Pike was lost in thought, his mind racing. He remembered the frightful encounter beneath the ruined temple, but the memories were illusive, vague and dream-like. The best he could remember was the fear, pain, and the Eye.
“I am not safe here,” Pike muttered to himself. “I am weak. He will find me here, and kill me. And there’s not a damned thing I can do about it…”
Pike’s anger was rising again, but Erda’s hand touched his jaw and turned his head to her. Her eyes held him in silence. “Sir, enough. Now is not the time for questions and answers. I don’t know what kind of danger you are in, but you can trust us to keep you in our care until your strength returns. Here…”
Erda withdraw a flask from her belt and uncorked it. The contents of the flask had a rich, earthy smell. Erda held the flask up to Pike’s lips and poured it into his mouth. Suddenly, Pike felt a sensation of warmth grow in his gut and spread out. The tension in his muscles relaxed, something Pike hadn’t felt in a long time. He was being overcome by a sense of ease, and his eyes drooped drowsily. He was fast forgetting the pain of his wound. Pike tried to resist and stay awake.
“No. I can’t sleep.
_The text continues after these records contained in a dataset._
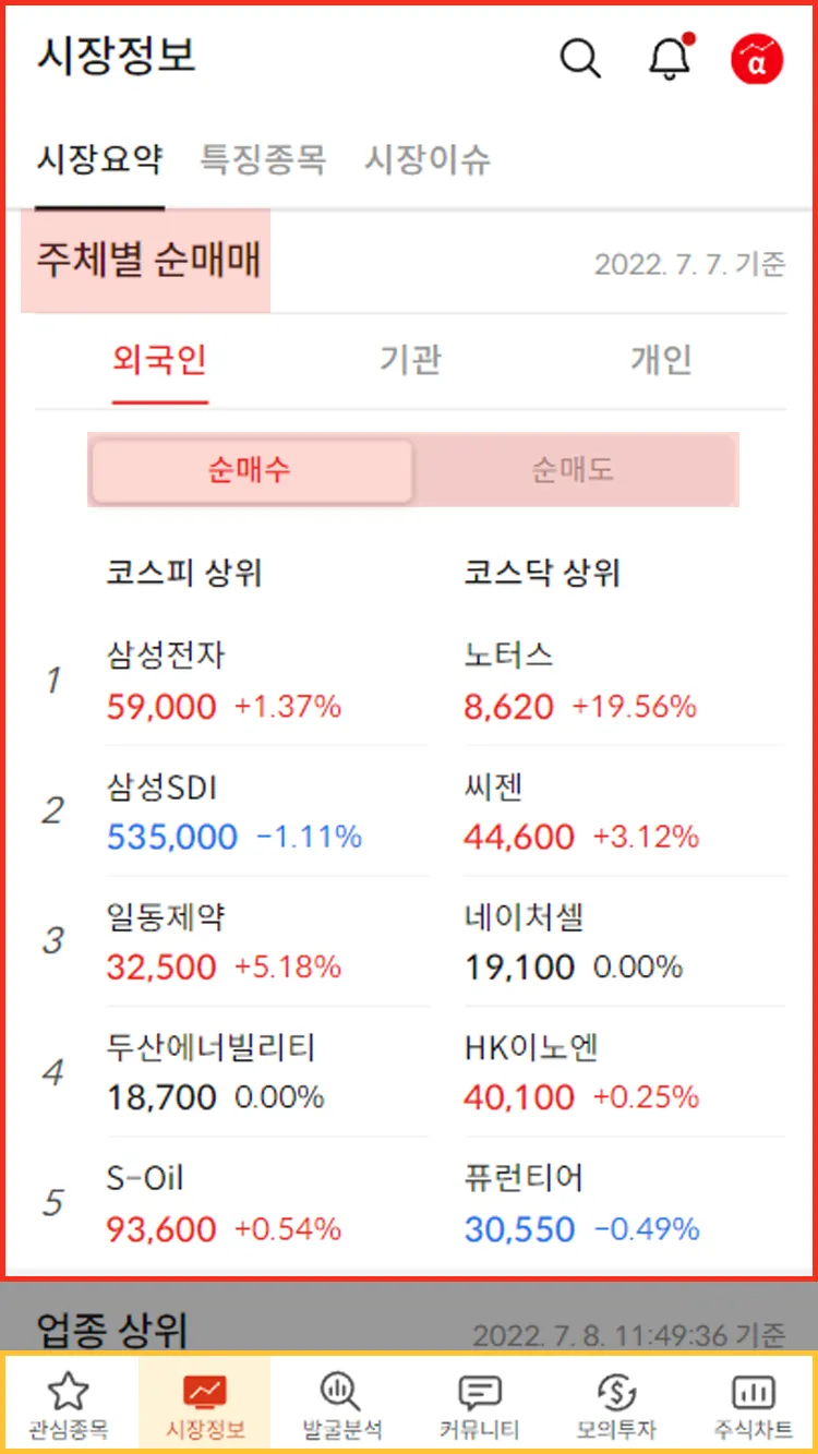 외국인/기관/개인이 많이 매매한 종목을 확인할 수 있습니다.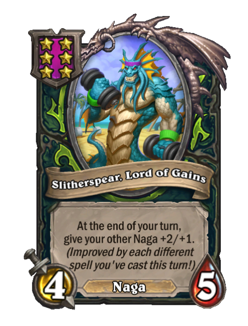 Slitherspear, Lord of Gains is a Tier 6 Naga Minion in Hearthstone Battlegrounds with 4/5 stats featuring End of Turn. Effect: At the end of your turn, give your other Naga +2/+1. (Improved by each different _____spell you've cast this turn!)___. This card is no longer in the pool (Legacy).
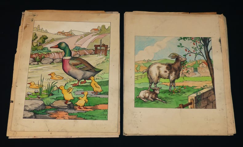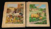 Capendu A. Planches 1944 25 PLANCHES ORIGINALES. EXEMPLAIRE UNIQUE. ABC des Bêtes en Famille. A. Capendu, 1944. Ensemble complet des 25 planches d'illustrations originales de A. Douet pour l'abécédaire qui portera le titre 'ABC des animaux domestiques', comprenant les deux couvertures (26,2 x 31,7 cm et 25,5 x 32,8 cm, premier plat illustré d'un Ane, d'un Boeuf et d'une Chèvre sur fort carton de réemploi, quatrième plat illustré de trois chats) et 23 planches en couleurs sur papier d'Arches de différentes provenances, un dessin sur deux est plus petit afin de laisser la place en marge inférieure pour le futur texte, annotations de couleurs en marges ; quelques défauts, voir photos, bon état. Livraison a domicile (La Poste) ou en Mondial Relay sur simple demande.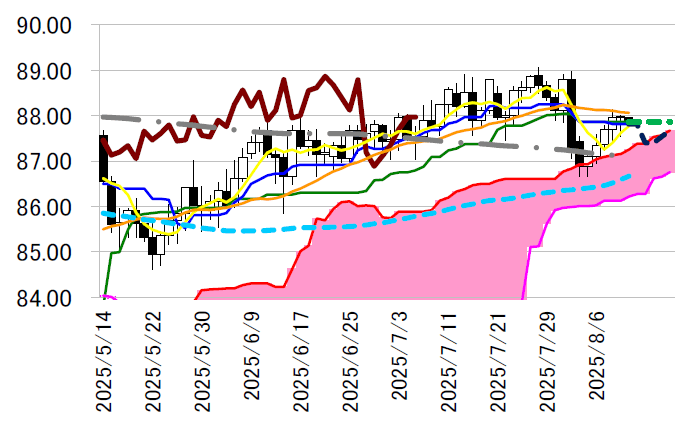 サポート1 87.25(日足一目均衡表・雲の上限)

He’ll be there… the dreams…”
But there were no dreams, when he finally succumbed to Erda’s drought, her hand resting lightly on his forehead. She smiled. Erda had no doubt that this man was a killer, perhaps even an outlaw. But for now she could not think of him as anything other than a poor, wounded man in need of help. Years of anger, fear and doubt washed away from his face as he fell into the potion’s sleep, replaced by an expression of blissful rest.
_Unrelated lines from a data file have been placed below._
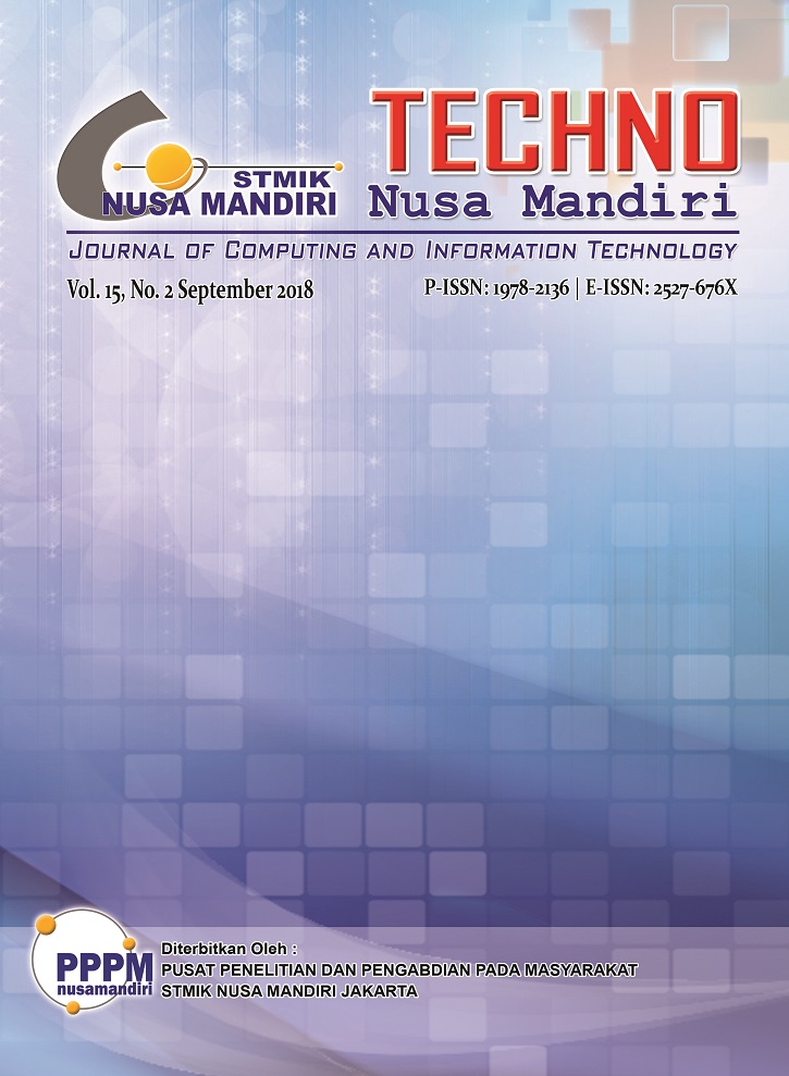 Techno Nusa Mandiri : Journal of Computing and Information Technology Periode September 2018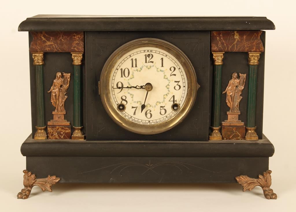 Grecian columns and musicians on front. Black wood case. Unknown working condition.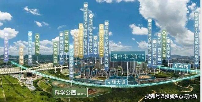满京华金硕悦府,位于深圳光明区光明科学城“一心两区”的核心区域,紧邻占地208万平方米的科学公园,属于光明规划中“最宜居、居住板块最大”的片区。项目北侧与科学公园仅一街之隔,东、南侧为深圳小学光明学校狮山校区及初中校区,周边市政配套规划密集,如深圳科技馆新馆、国际美术馆等均在建设中,预计2026年前全面落成。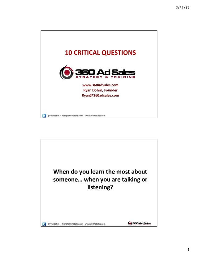 @ryandohrn – [email protected] - www.360AdSales.com When do you learn the most about someone… when you are talking or listening? @ryandohrn – [email protected] - www.360AdSales.com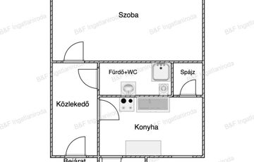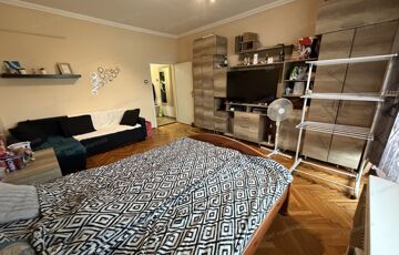 A lakásban egy tágas szoba és egy praktikus félszoba található, így a tér kihasználása rendkívül sokoldalú.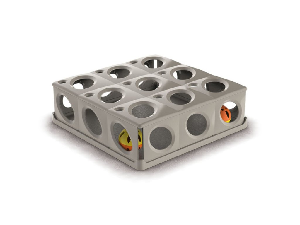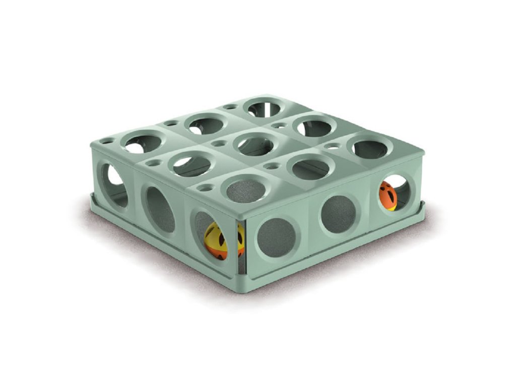 Hračku lze otevřít a přidat do ní oblíbený míček, myšku apod.Pastelové barvy : šedomodrá, zelená, béžová. Dodávaná barva dle aktuálních skladových zásob.

As she busied herself with replacing the stranger’s bandages, she looked towards the young spearman who was watching from his perch impassively.
“Look at all this blood, its a miracle he was even able to wake up when he did. Conn, you better not have tickled my patient awake with that stick of yours, did you?”
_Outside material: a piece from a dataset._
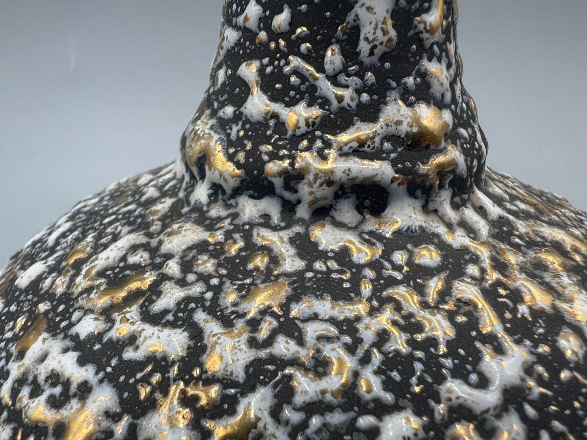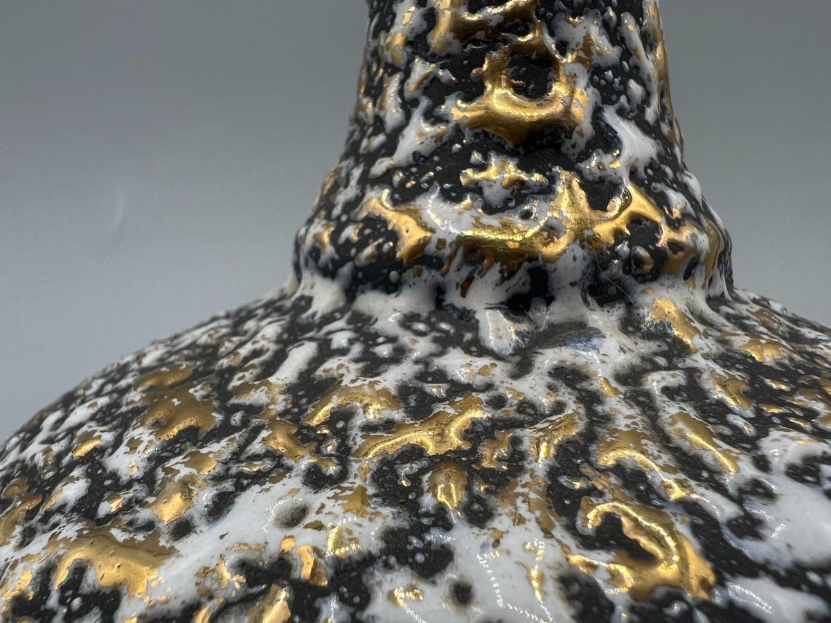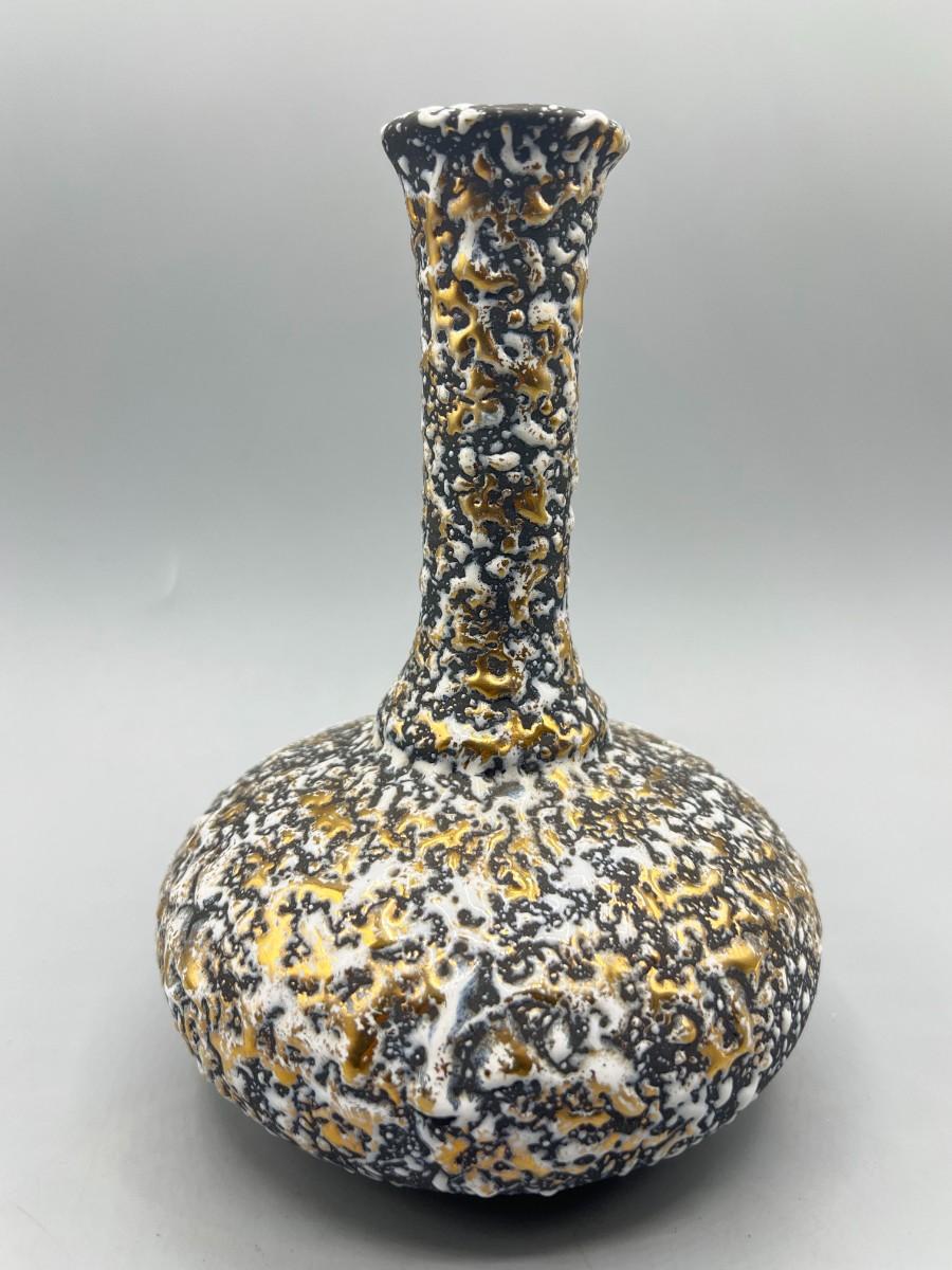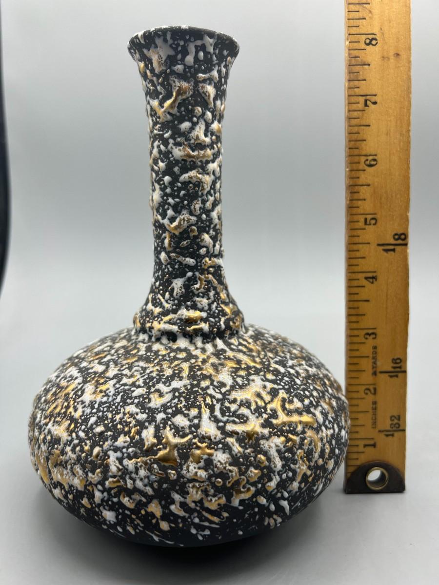 Vintage Gold & White Textured Ceramic Pottery Art Accent Vase

“Trust me, I did no such thing,” the young man said. “He looked like he was having a bad dream when he suddenly woke up in a panic. I didn’t so much as look at him. Honest.”
“I saw it too,” said Bran, another young warrior only a little older than Conn. Both were garbed and armed identically, with spears, short swords and bows unstrung and resting beside their quivers.
“You should have seen it, Lady Erda,” Bran continued. “The man looked like a cornered wolf. He would have nipped someone’s fingers off if he was close enough. Gods, I can’t even believe he’s still breathing…”
“That one’s bewitched, no mistaking it,” said Nim, Erda’s handmaiden.
“True enough,” Ruadh chimed in a hes sat sharpening his sword. The ageing swordsman was the oldest of Erda’s three bodyguards and a veteran warrior. “If our guest doesn’t have more than his fair share of demons then I’m a fool. Aye, it would displease the gods to just leave the stranger for the crows. But I’ll still be mighty surprised if this doesn’t bring trouble…”
“I know, I’m a little worried too,” Erda said, cleaning her bloodied hands on the grass. “But still, who can say this isn’t a blessing in disguise? We are, after all, here to find warriors at the Moot, and here is one delivered into our hands before we’ve even arrived.”
Ruadh seemed less convinced. He was watching the sleeping vagabond with a critical eye when his whetstone slipped from his hand, blood welling on his thumb where the blade had cut into it. At least he knew his sword was sharp.
“We’ll know this stranger’s quality soon enough. If he lives…”
Erda looked down at her sleeping patient, snoring softly when by all common sense he should be long since dead.
“Aye, he’ll live. You can be sure of that.”